### The records

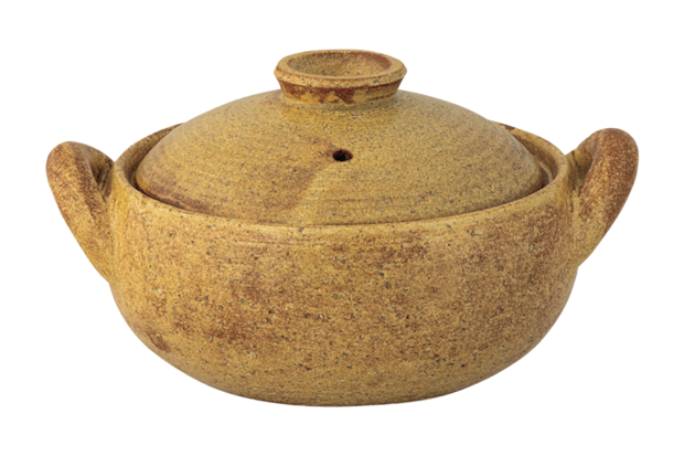 丸くて肉厚な土鍋はしっかり蓄熱し、火を止めた後の余熱で料理を美味しく仕上げる。食材にゆっくり熱を伝え、優しい味に。みそ汁鍋[大]¥14,300(長谷園) 問https://igamono.co.jp/
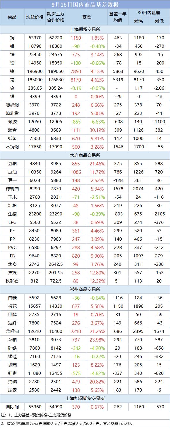 基差报告:9月15日国内商品基差数据一览
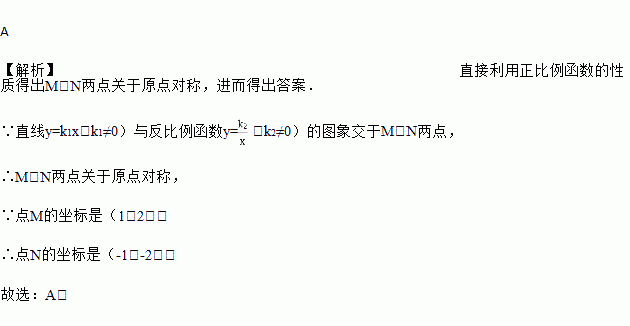 (k2≠0)的图象交于M,N两点.若点M的坐标是(1,2),则点N的坐标是( )
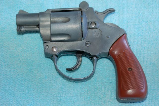 Where the cylinder release is normally positioned on a real Smith & Wesson is where I think the release is to break this gun down. Here you can also see the Marx logo.
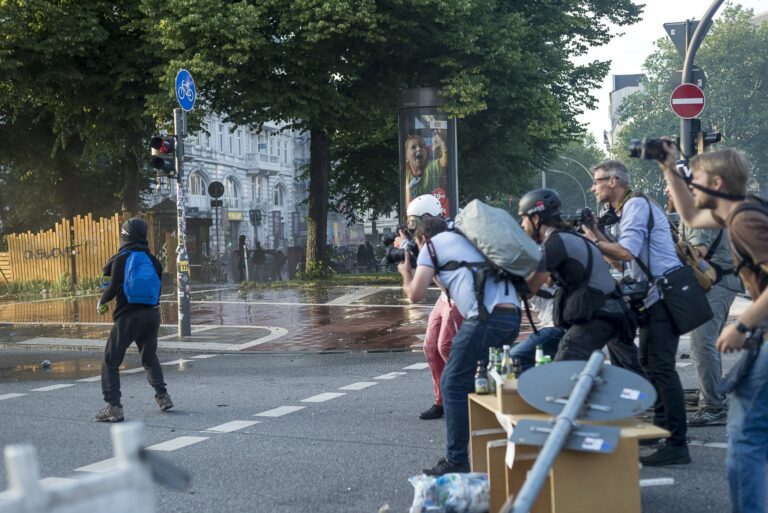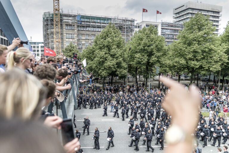Analog und digital, schwarz-weiß und in Farbe, mal mitten im Getümmel, mal mit etwas Abstand. Sechs FotografInnen zeigen in diesem Fotoband Motive einer eindrucksreichen G20-Protestwoche 2017 in Hamburg. Mit Interviews von Chris Grodotzki (Fotograf), Gudrun Schoppe & Rita Kohel (1000 Gestalten), Matthias Bartke (SPD), Gwen Wayne (Alles Allen), Holger Burner (Rapper), Halil Simsek (G20 entern), Jan van Aken (Die Linke), Guido Camillo (Demonstrant), Katharina Fegebank (Die Grünen), Nico Berg (Block G20), Jeanine Weigel (DGB Nord), Timo Zill (Polizei Hamburg), Oliver von Dobrowolski (PolizeiGrün e.V.) und einem Geleitwort von Martin Dieckmann (dju in ver.di). GudbergNerger Verlag, Seitenzahl: 238 Seiten, ISBN-10: 3945772443

### Your assignment
Write out the lines that run from the line containing "基差报告:9月15日国内商品基差数据一览" to the end of the entries, inclusive, exactly as written. Skip every picture.

### Written response
 基差报告:9月15日国内商品基差数据一览
 (k2≠0)的图象交于M,N两点.若点M的坐标是(1,2),则点N的坐标是( )
 Where the cylinder release is normally positioned on a real Smith & Wesson is where I think the release is to break this gun down. Here you can also see the Marx logo.
Analog und digital, schwarz-weiß und in Farbe, mal mitten im Getümmel, mal mit etwas Abstand. Sechs FotografInnen zeigen in diesem Fotoband Motive einer eindrucksreichen G20-Protestwoche 2017 in Hamburg. Mit Interviews von Chris Grodotzki (Fotograf), Gudrun Schoppe & Rita Kohel (1000 Gestalten), Matthias Bartke (SPD), Gwen Wayne (Alles Allen), Holger Burner (Rapper), Halil Simsek (G20 entern), Jan van Aken (Die Linke), Guido Camillo (Demonstrant), Katharina Fegebank (Die Grünen), Nico Berg (Block G20), Jeanine Weigel (DGB Nord), Timo Zill (Polizei Hamburg), Oliver von Dobrowolski (PolizeiGrün e.V.) und einem Geleitwort von Martin Dieckmann (dju in ver.di). GudbergNerger Verlag, Seitenzahl: 238 Seiten, ISBN-10: 3945772443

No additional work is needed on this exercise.